XML (eXtensible Markup Language) language by the proposition of W3C tissue, because its dirigibility and self descriptiveness, become Web2.0 uses and even various information handling system generally adopts information organization and descriptor format, obtained application more and more widely.The XML resolver that obtains comparatively widespread use at present has: JavaTM, the JDOM etc. of XML Parser, the Sun of the XML4J of IBM, the MSXML of Microsoft, Oracle.The analytic method that these resolvers adopted can be divided into and is DOM and SAX two big classes.

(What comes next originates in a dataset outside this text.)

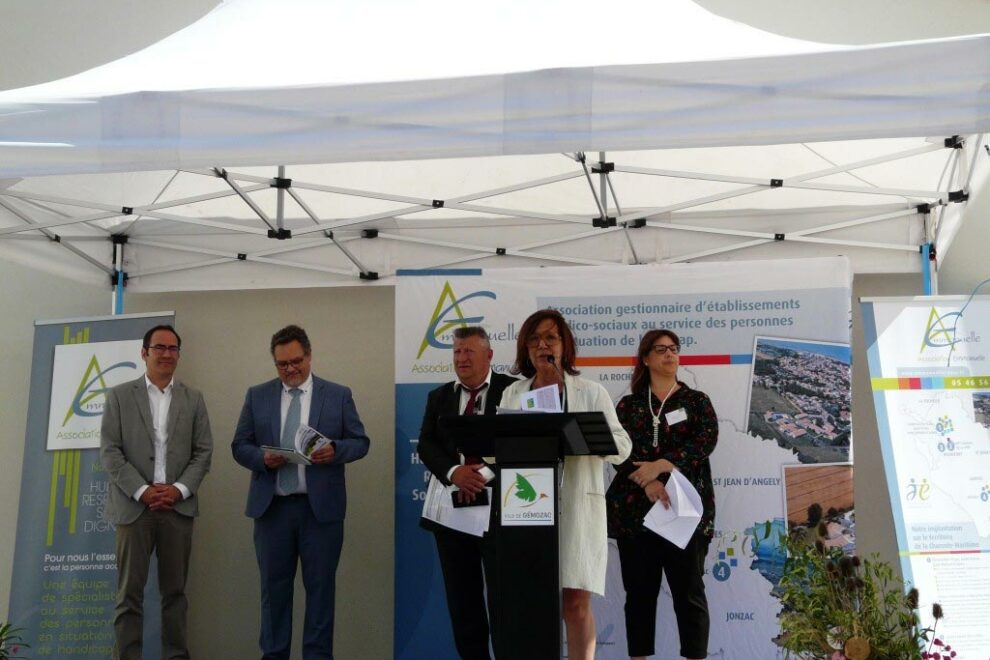 L’Association Emmanuelle a inauguré le 20 juin dernier la Maison d’Accueil Spécialisée de Haute Saintonge sur le site du domaine du château de Bernessard à Gémozac, en présence de Diane COMPAIN, Présidente de l’Association Emmanuelle, Thierry BOSCARIOL, directeur général, Valérie COCO, directrice de la MAS, Loïc GIRARD, maire de Gémozac, Laurent FLAMENT représentant l’ARS Nouvelle…

DOM is a kind of analytic method based on tree construction that W3C proposes.DOM regards the element in the document, attribute, note, processing instruction some nodes of tree construction as when the analyzing XML file, and the content of XML document is organized into a tree type message structure.Because the DOM analytic method need be constructed the tree structure data structure corresponding with quasi-analytic XML file,, therefore be not suitable for large-scale XML document so the internal memory that it takies is directly proportional with document size (generally being 2 to 5 times).In order to improve the analysis feature of DOM method, the researchist has carried out certain improvement to it.Main achievement has the DOM analytic method (DDOM) of delay and compression DOM analytic method (SEDOM).DDOM is embodied in the improvement of DOM method: DDOM does not need to construct complete parsing and belongs to, and just constructs the part-structure of dom tree when access document as required.DDOM mainly is applicable to the occasion of XML being carried out sparse visit, if when the document major part all needs to visit, the performance of DDOM is slower than common DOM mode.SEDOM obviously reduces the consumption of common DOM analytic method to storage space then by having introduced compress technique, but owing to need carry out squeeze operation, inevitably analysis feature is impacted.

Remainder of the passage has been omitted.